Usámos uma frase específica há uns instantes. Falámos acerca das pessoas que estão mais isoladas do que gostariam. Usámos esta frase por uma razão: a solidão não é apenas a separação física dos outros. O número de pessoas que conhecemos não determina necessariamente a nossa vivência de conectividade ou de solidão. Nem sequer as condições de vida ou o estado civil. É possível estar solitário numa multidão e é possível estar solitário num casamento. Na realidade, sabemos que os casamentos de elevada conflitualidade, com pouca afeição, podem ser piores para a saúde do que o divórcio.
Em vez disso, é a qualidade dos nossos relacionamentos que é importante. Dito de uma forma simples, viver no meio de relacionamentos afetuosos tanto protege a mente como o corpo.
Este conceito é importante, o conceito de proteção. A vida é difícil e, às vezes, ataca-nos de frente. Relacionamentos afetuosos e com conexão protegem-nos dos chutos e pontapés da vida e do envelhecimento.
Depois de termos acompanhado as pessoas do Estudo de Harvard até à casa dos 80 anos, queríamos voltar a observá-los na meia-idade, para ver se conseguíamos prever quem é que se tornaria um octogenário feliz e saudável e quem não o seria. Portanto, reunimos tudo o que sabíamos acerca deles, de quando tinham 50 anos, e descobrimos que não eram os níveis de colesterol a meio da vida que previam como é que iam envelhecer, era o grau de satisfação que sentiam com os seus relacionamentos. As pessoas que estavam mais satisfeitas com os seus relacionamentos quando tinham 50 anos eram as mais saudáveis (mental e fisicamente) aos 80.

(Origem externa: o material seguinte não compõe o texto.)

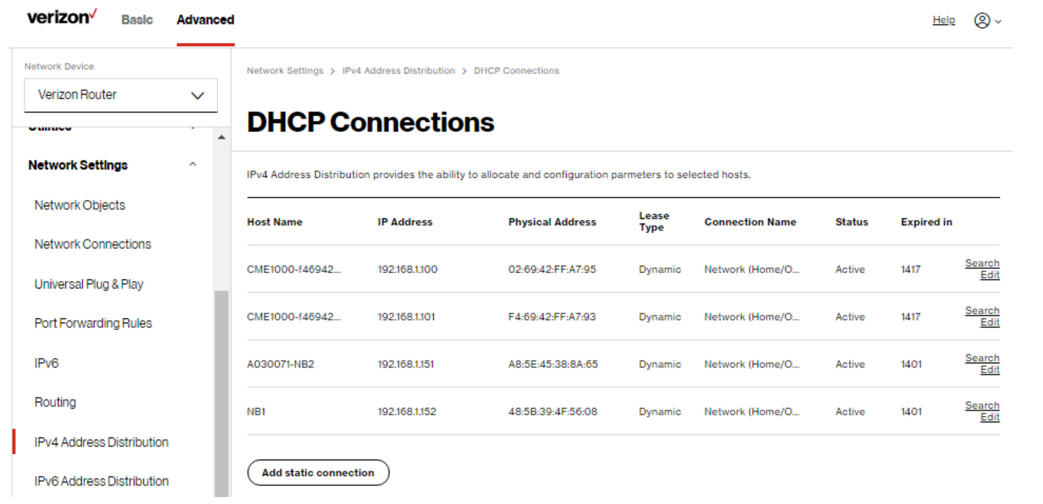 Can you snap a screenshot of where you got that so I can match it to what is in the manual. Do you see an option to click on a button to "Add Static connection" as shown in this image. That is from the user guide. Do you see in the image where it says "Dynamic". Does it say that or Static next to the hub?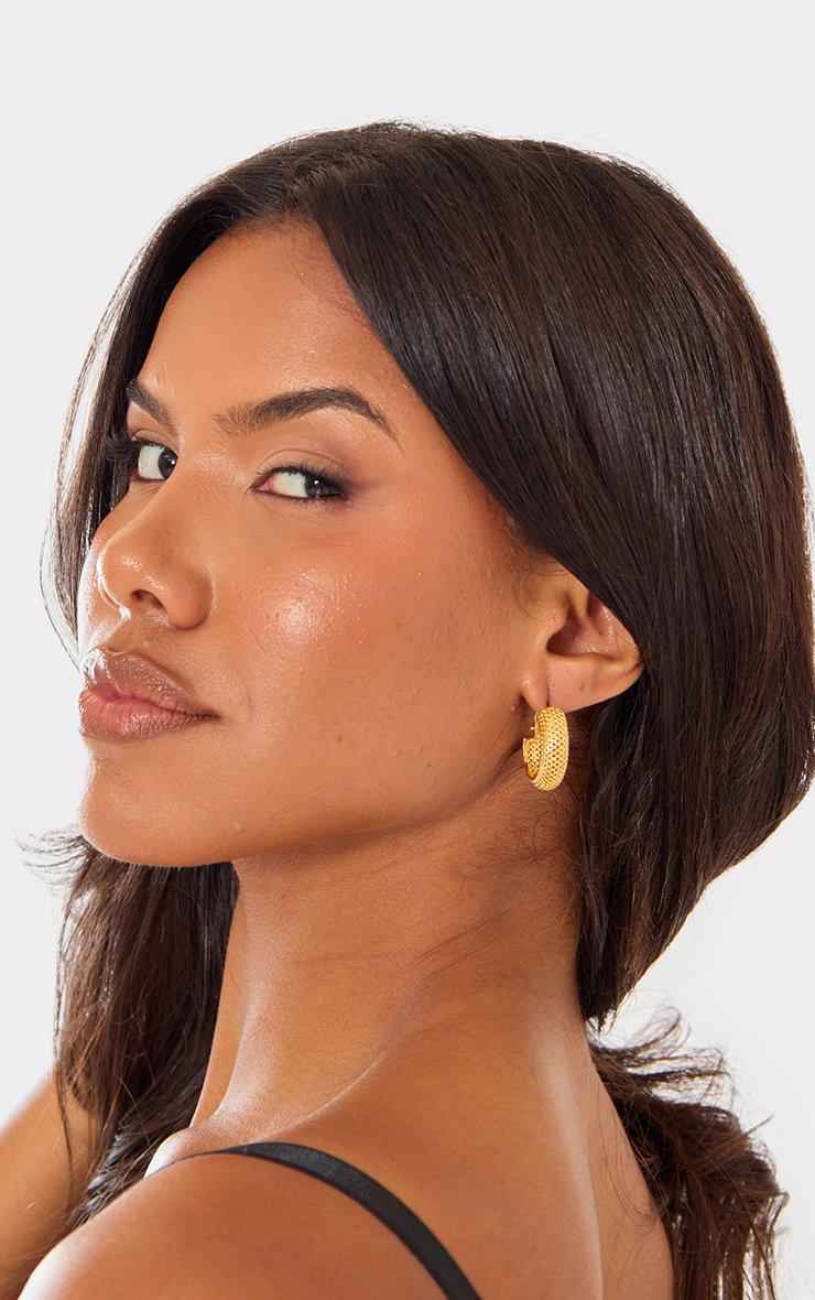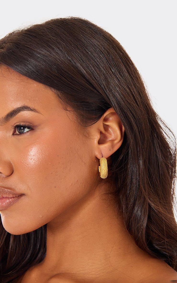 Chic vibes, doll. These gold hoop earrings with textured detailing are giving bold, statement energy, perfect for adding instant sparkle to any outfit.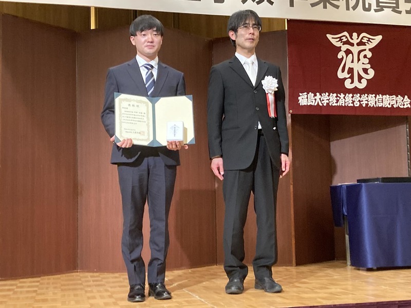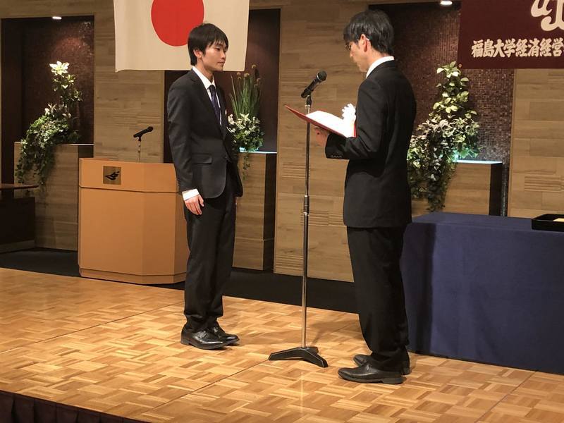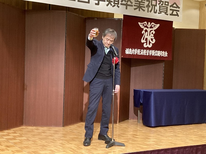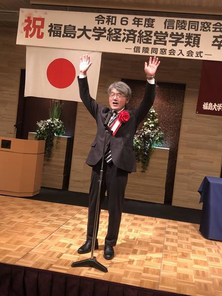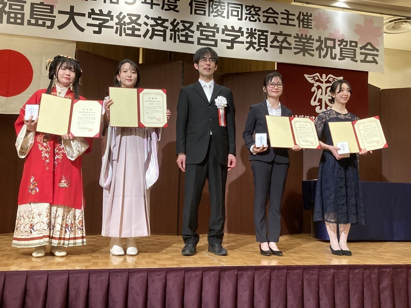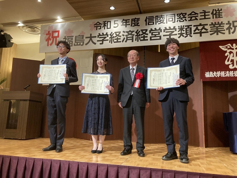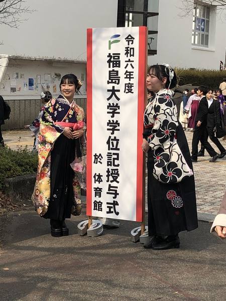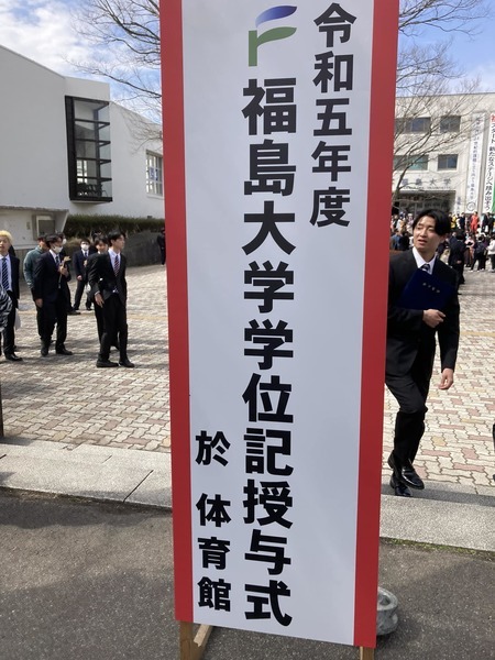 令和6年3月25日、令和5年度の福島大学学位授与式(卒業式)が開催されました。東京信陵会からは鈴木恒雄会長、鈴木周平事務局長、岩倉さんと田畑の4名が福島へ赴きました。第1体育館での式典終了後に各人への学位授与がL棟教室で行われましたので、岩倉/田畑の2名で信陵論叢と信陵同窓会主催の祝賀会パーティの案内状と東京信陵会から持参した「東京連絡事務所」の案内と「新歓ウォーキング」のチラシ、およびQRコード付きの名刺を卒業生全員に配布しました。祝賀会パーティでは4名で東京へ就職する卒業生に6月22日の総会に来てほしいと案内をしました。

Ao investigarmos mais esta relação, as provas continuaram a aumentar. Os nossos homens e mulheres mais felizes com os seus parceiros relataram, aos 80 anos, que nos dias em que tinham mais dor física, a sua disposição se mantinha igualmente feliz. Mas quando as pessoas em relacionamentos infelizes relatavam dor física, a sua disposição piorava, causando também dor emocional adicional. Outros estudos chegaram a conclusões semelhantes acerca do poderoso papel dos relacionamentos.
Seguem-se alguns dos principais exemplos de alguns dos estudos mencionados anteriormente:
Com um grupo de 3 720 adultos negros e brancos (com idades entre os 35 e os 64 anos), o estudo “Healthy Aging in Neighborhoods of Diversity Across the Life Span” (HANDLS) descobriu que os participantes que relatavam receber mais apoio social também relatavam menos depressão.
No “Chicago Health, Aging, and Social Relations Study” (CHASRS), um estudo representativo dos residentes de Chicago, os participantes que estavam em relações satisfatórias reportavam níveis mais elevados de felicidade.
Num estudo realizado a partir de um conjunto de nascimentos em Dunedin, na Nova Zelândia, as relações sociais na adolescência previam melhor o bem-estar na idade adulta do que o sucesso académico.
A lista continua. Mas é claro que a ciência não é a única área do conhecimento humano que tem alguma coisa a dizer sobre a forma de viver bem. Na realidade, a ciência acabou de chegar à discussão.